- Born: Uganda
- Occupation: Politician
- Years active: 1996–present

= Grace Tubwita =

Ugandan politician

Grace Tubwita Bagaya Bukenya (née Grace Tubwita), commonly known as Grace Tubwita, is a Ugandan female physical planner and politician. She is the Chairperson of the Uganda Institute of Physical Planners.

==Background and career==
Grace Tubwita was born in Nakasongola District and she speaks the local dialect(Ruluuli). She represented the district in the Uganda parliament on two consecutive times; during the 7th parliament (2001 to 2006) and the 8th parliament (2006 to 2011), on the ruling National Resistance Movement (NRM) political party. She lost her seat during the 2010 NRM primary elections. She lost to Margaret Komuhangi, the incumbent, whom she had defeated twice, in 2003 and 2015.

==Other considerations==
Tubwita sits on the boards of directors of several companies including the Uganda National Oil Company, the national oil parastatal.
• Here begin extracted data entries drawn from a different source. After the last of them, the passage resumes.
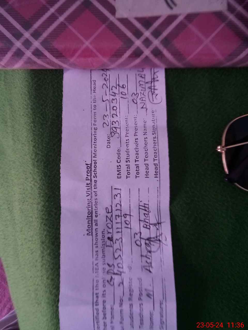 | EMIS Code: 39320342 | Name of School: GPS FEROZE | |||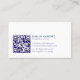 The elegant, simple, and minimalistic immigration attorney business card design features personalized blue and white typography on a dark blue and white background. QR Code.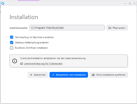 Ein Update wird genauso ausgeführt. RustDesk aktualisiert sich nicht automatisch.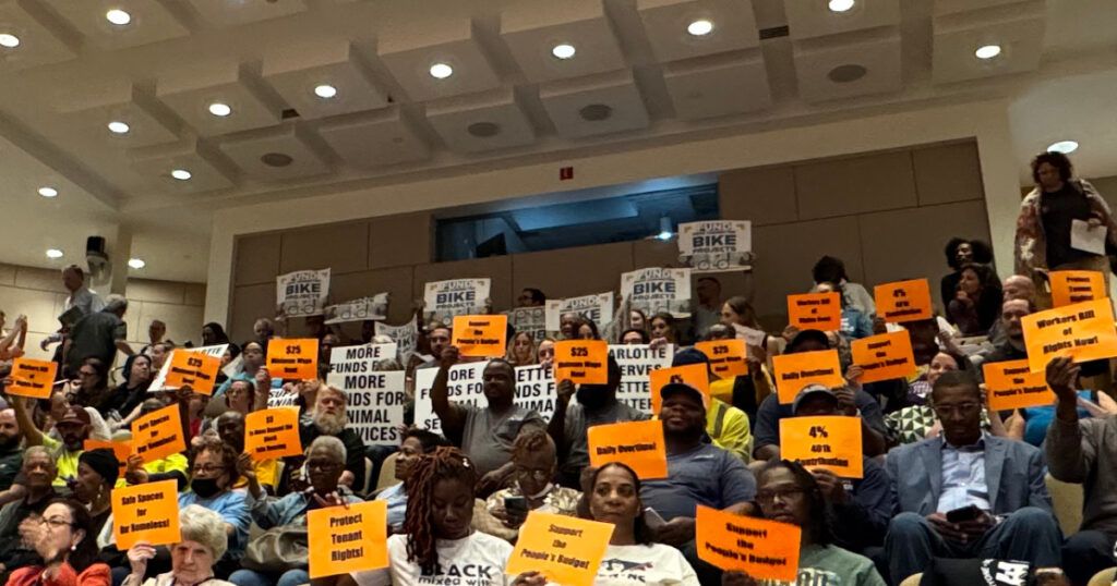 DURHAM & CHARLOTTE, NC—After over a year of organizing and turning members out to actions, city worker chapters of Local 150 successfully pressured Durham and Charlotte City Councils to approve millions in raises for public workers in the 2024-2025 fiscal year. On average, full time workers in Durham on the general step plan will receive a raise of over $8,000. Workers with more years of service will receive higher wage increases with some totaling over $15,000. In Charlotte, members won a six percent raise and an increase in the minimum starting salary, which is now $23 dollars an hour.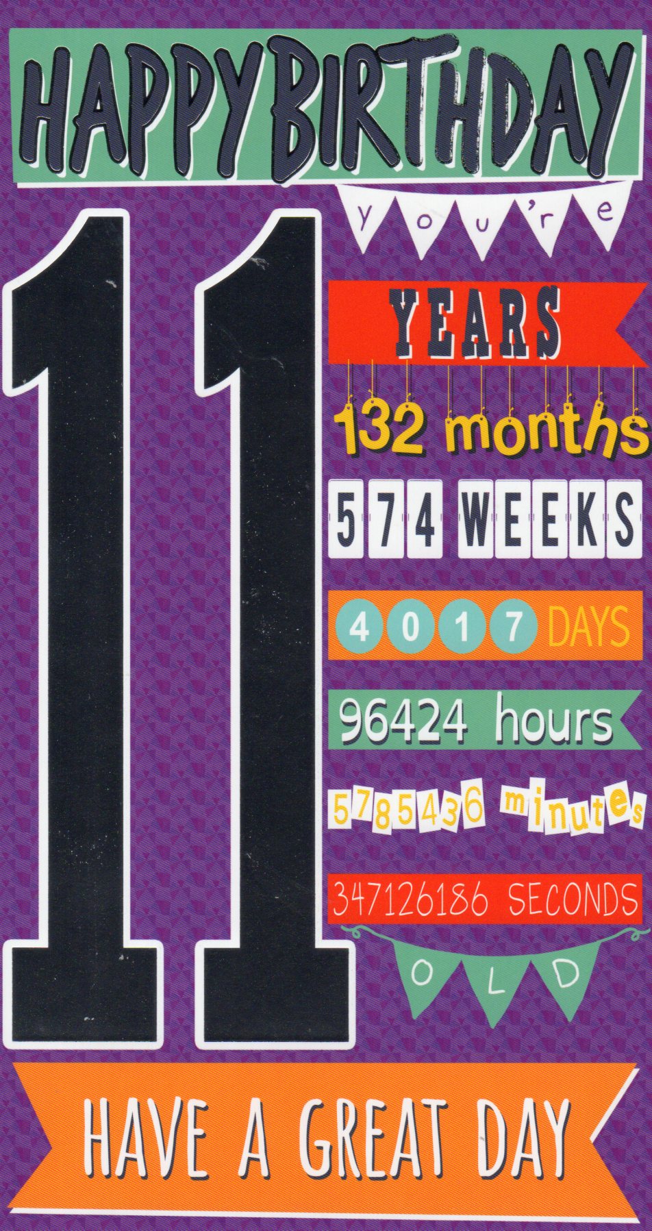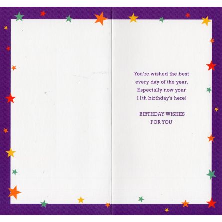 Inside reads: You're wished the best every day of the year, Especially now your 11th birthday's here! Birthday Wishes For You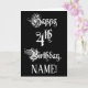 The front of this ornate and opulent birthday greeting card design features the message “Happy 4th Birthday,” in formal script style text, on a black coloured background. The inside has a personalised birthday greeting message, or could perhaps be cleared and left blank if a message is to be written by hand instead. A fancy, customised birthday greeting card like this might be a respectable way to deliver birthday greetings to somebody who is celebrating their fourth birthday. [~Z0000554]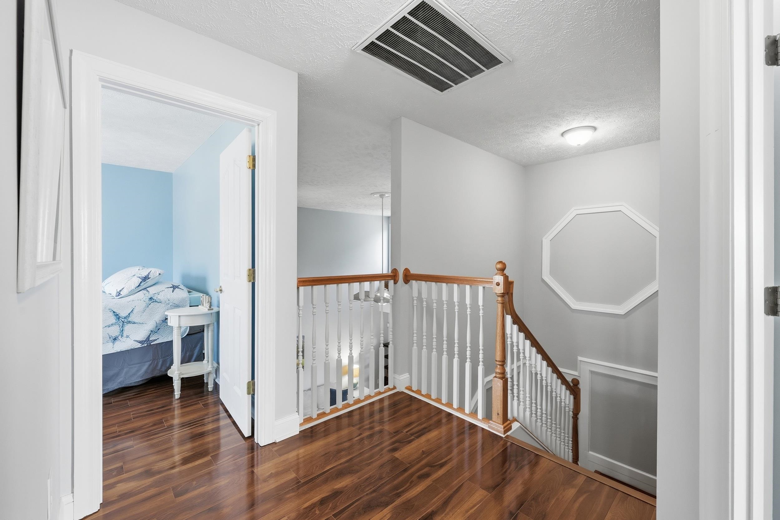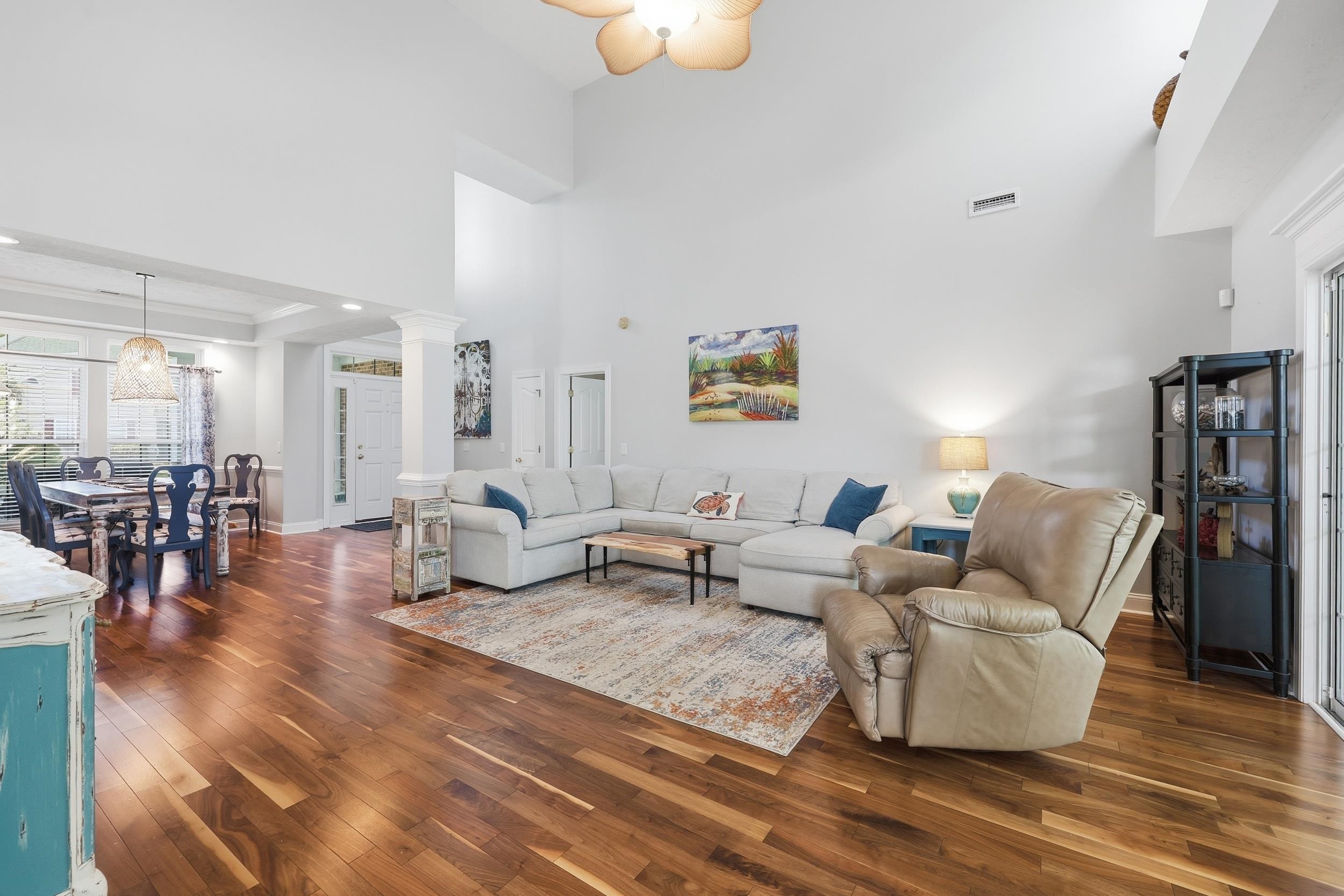 Welcome to this stunning 4-bedroom, 3.5-bath home located in the sought-after gated community of The Bays of Prince Creek, where comfort and lifestyle come together. Nestled on a spacious 0.41-acre lot with a serene lake view, this home immediately impresses with its mature, professionally designed landscaping and beautiful stamped concrete driveway. Step inside to a breathtaking living space featuring a soaring 18-foot ceiling and rich walnut hardwood floors that create a warm yet grand atmosphere. Plantation shutters throughout add timeless charm, while the open floor plan seamlessly connects the living room to the eat-in kitchen, making it perfect for both everyday living and entertaining. The kitchen is a true centerpiece, offering quartz countertops, a custom backsplash, and stainless-steel appliances. The first-floor master suite is a private retreat, complete with a spacious walk-in closet featuring custom built-ins and a luxurious ensuite bath with dual vanities, a garden tub, and a separate shower. Also on the main level, you’ll find a convenient laundry room and half bath. Upstairs, additional bedrooms provide ample space for family or guests. Step outside to your fenced backyard oasis, where a stamped concrete patio overlooks the peaceful lake, perfect for relaxing evenings or hosting gatherings. Additional features include a central vacuum system, intercom system, and a mop sink in an attached 2-car garage. Living in Prince Creek means more than just owning a beautiful home, it’s about embracing a lifestyle. Residents enjoy access to top-tier amenities including two pools, a clubhouse, tennis courts, pickleball, basketball, volleyball, handball, and cozy fire pit areas. Located in the heart of Murrells Inlet, you’re just minutes from the Marsh Walk, known for its waterfront dining, live music, and breathtaking coastal views, as well as close to golf courses, shopping, and the beach. This home offers the perfect blend of luxury, comfort, and community, come experience it for yourself.

She is also a board member of the National Forestry Authority (NFA), another government-owned agency, as announced by then Minister of Information and National Guidance, Rose Namayanja, on 17 July 2014. In September 2016, Tubwita Grace Bagaya Bukenya was awarded the "Parliamentary Medal of Honor" in recognition of her parliamentary service to Uganda.